The yields of rate device and the consistency of power device performance and parameter.
Detailed description of the invention
By referring to the drawings to the description of the embodiment of the present disclosure, the above-mentioned and other purposes of the disclosure, feature and
Advantage will be apparent from, in the accompanying drawings:
Fig. 1 is the schematic diagram of T shape deep-groove power device according to an embodiment of the present disclosure;
Fig. 2 to Fig. 7 is the cross section for manufacturing each stage of T shape deep-groove power device according to an embodiment of the present disclosure
Block diagram;
Fig. 8 is the flow chart for manufacturing T shape deep-groove power device according to an embodiment of the present disclosure.
Specific embodiment
Hereinafter, will be described with reference to the accompanying drawings embodiment of the disclosure.However, it should be understood that these descriptions are only exemplary
, and it is not intended to limit the scope of the present disclosure.In addition, in the following description, descriptions of well-known structures and technologies are omitted, with
Avoid unnecessarily obscuring the concept of the disclosure.
The various structural schematic diagrams according to the embodiment of the present disclosure are shown in the attached drawings.These figures are not drawn to scale
, wherein some details are magnified for the purpose of clear expression, and some details may be omitted.It is shown in the drawings
Various regions, the shape of layer and relative size, positional relationship between them are merely exemplary, in practice may be due to system
It makes tolerance or technical restriction and is deviated, and those skilled in the art may be additionally designed as required with difference
Shape, size, the regions/layers of relative position.

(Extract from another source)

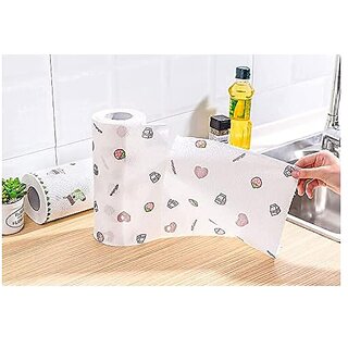 Qolixs Non Woven Reusable and Washable Kitchen Printed Tissue Roll Non-stick Oil Absorbing Paper Roll Kitchen Special Paper Towel Wipe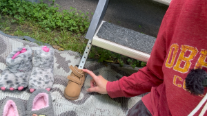 This might be our silliest RV accessory, but it brings so much joy! We put fun shoes on our RV steps – boots, sandals, light-up shoes, monster feet, holiday-themed options. It makes us smile, makes other people smile, and that makes us happy. Sometimes RV life is about the fun little touches! Our steps take Size 6 toddler shoes.

In the context of the disclosure, when one layer/element is referred to as located at another layer/element "upper", which can
May exist intermediate layer/element on another layer/element or between them.In addition, if in a kind of direction
In one layer/element be located at another layer/element "upper", then when turn towards when, which can be located at another layer/member
Part "lower".
Power device according to the embodiment of the present disclosure may include the cellular region formed in epitaxial layer square on substrate and
Termination environment.Cellular region includes grid, cellular region groove, the conductive polycrystalline silicon in the groove of cellular region as the active area of device
With dielectric body, source electrode and drain electrode.Wherein, cellular region groove is T-shape.Cellular region includes underlying first
The second part for dividing and being located above, second part are wider than first part, that is, second part center cross-sectional width is greater than first
Partial center cross-sectional width.Conductive polycrystalline silicon in the groove of cellular region is divided into the first conductive polycrystalline silicon and the second conduction
Polysilicon, the first conductive polycrystalline silicon are located at the lower section of cellular region groove, that is, are located in relatively narrow first part, the second conductive polycrystalline
Silicon is located at the top of cellular region groove, that is, is located in wider second part.First conductive polycrystalline silicon and the second conductive polycrystalline silicon
Between, between the first conductive polycrystalline silicon and cellular region trenched side-wall and bottom, the side of the second conductive polycrystalline silicon and cellular region groove
Dielectric body is respectively formed between wall.Wherein, what is formed between the second conductive polycrystalline silicon and the side wall of cellular region groove is exhausted
Edge dielectric is used as gate oxide.First conductive polycrystalline silicon and the second conductive polycrystalline silicon, should by dielectric body mutually insulated
Dielectric body is mainly formed in the second part of cellular region groove.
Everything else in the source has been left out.